▸ **DATASET SECTION**
★ ★ ★ ★ ★ ★ ★

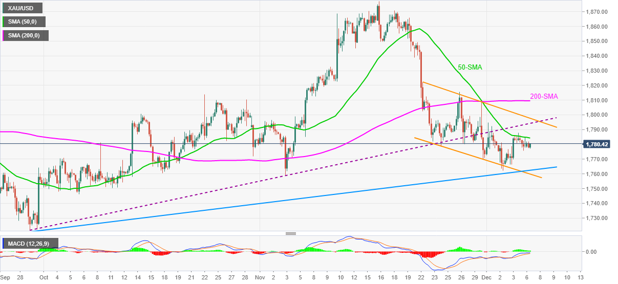 با این حال، آخرین بازگشت مجدد نتوانست بر سطح 50-SMA یعنی 1785 دلار غلبه کند، که حاکی از کاهش دیگری به سمت خط حمایت کانال، نزدیک به 1760 دلار است. افزودن قدرت به حمایت 1761 دلاری، یک خط روند شیب دار صعودی از سپتامبر است.
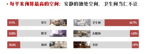从单位面积的花费来看,卫生间稳居第一,有40.77%的家庭每平米花费最多的空间是卫生间,紧随其后的是厨房,有20.13%。而客厅和卧室的每平米花费分别为17.17%和15.93%,这一比例,与随机街采中的反映出的花费比例十分吻合。
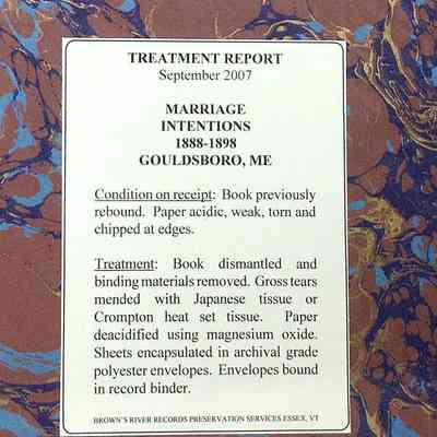 Original conserved in September, 2007 by Gouldsboro Town Manager. See Treatment Report Image on the inside cover of the book.Update Date
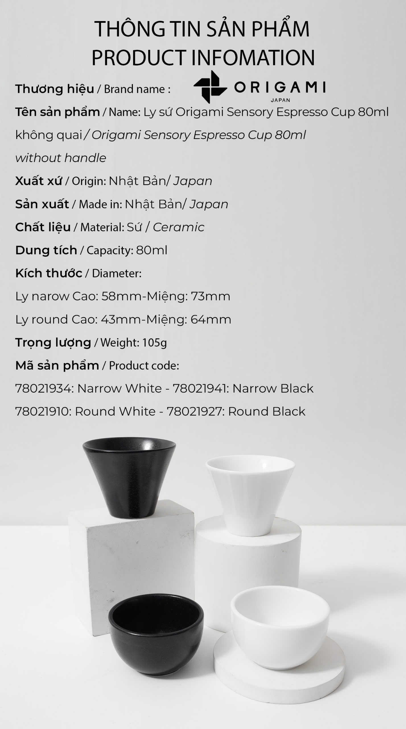 LY SỨ ORIGAMI SENSORY ESPRESSO CUP 80ML KHÔNG QUAI

★ ★ ★ ★ ★ ★ ★

▸ **WORK TO COMPLETE**
Omit the pictures and write out the lines above from the one with "Original conserved in" through the last, unchanged.

▸ **COMPLETED EXERCISE**
 Original conserved in September, 2007 by Gouldsboro Town Manager. See Treatment Report Image on the inside cover of the book.Update Date
 LY SỨ ORIGAMI SENSORY ESPRESSO CUP 80ML KHÔNG QUAI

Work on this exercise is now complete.